Knell’s production slipped a little the second half of the season, as he never fully recovered from a “weird foot sprain” he suffered on Jan. 13 at UCF. He was 4 of 10 from deep in the win over TCU on March 2, but was 4 of 16 from 3-point range in BYU’s final five games of the 2023-24 season, including an 0-for-4 outing in the Big 12 quarterfinals against Texas Tech and an 0-for-2 day in the NCAA Tournament loss to Duquesne.
“I am finally back to where I feel my shoulder is as strong as it was before I tore it,” he said. “So it feels really, really good and I am really excited to finish this last year out and play with a bunch of different dudes and for a coaching staff that is really hungry to hit the ground running and make a lot of noise here.”
Knell graduated more than a year ago and just completed his first year in the MBA program in the prestigious Marriott School of Business.
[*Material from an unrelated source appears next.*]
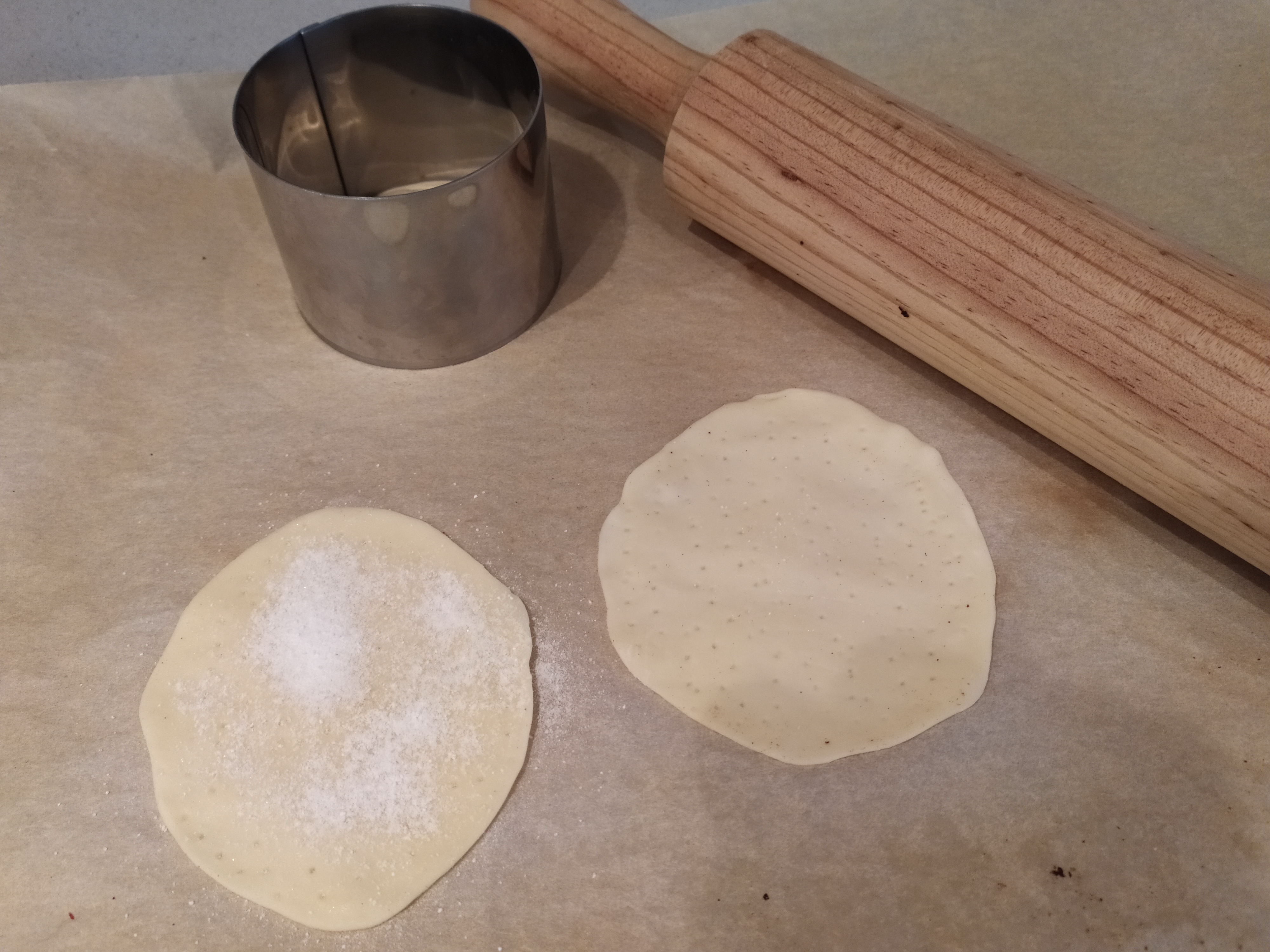 -cortamos la masa de hojadre con la ayuda de un cortador en forma circular. Las chafamos un poco con la ayuda de un rodillo

This summer he is doing an internship with Pelion Venture Partners in Draper.
On the court, he’s focused on making his sixth and final season of college basketball a memorable one and one that could propel him to the professional ranks, in the NBA, G League or overseas.
“The biggest thing that coaches are having me focus on is just my footwork, getting shots off, and finding windows to get shots off that I typically didn’t take last year, and just be more daring,” he said. “A lot of coaches talk about how I need to be an ‘arrogant’ shooter, which I respect a lot, because I put in the work, and they say, ‘Don’t let your previous shot effect how your emotions feel or how it goes.’”
The aforementioned Demin and Catchings are bigger and more athletic than Knell, and both can play the shooting guard/wing positions. But they probably don’t shoot the 3-pointer as well as Knell. So it will be interesting to see how Young utilizes the senior, who originally signed with Cal out of high school.
“We are still very, very early in everything that coach Young is doing. We are trying to get the concepts down, we are mixing and matching teams a ton (in practices),” Knell said. “So I don’t think anybody is really set in stone in terms of what is going to happen. I feel like have a leadership role on this team to help the younger guys and just help them navigate what college is like, what the Big 12 really is, and how physical it is.”
Knell said BYU fans will find out soon enough that the newcomers “are the real deal” and as good as advertised.
“How can I not talk amazing about my teammates?” he asked, rhetorically. “Of course these guys are really, really good.”
He said they are just as exceptional away from the court, telling a story about how he and his wife, Tatum, were in a grocery store a few weeks ago when they ran into Crawford and Mawot.
“They saw my wife and ran right up to her, shook her hand and introduced themselves really formally,” Knell said. “We have really high character guys that I know BYU fans will fall in love with. It is going to be super fun to compete on the court at such a high level, and as soon as you step over those lines and be able to be best friends and create relationships that last forever.”
And in some cases, withstand the lure of the transfer portal.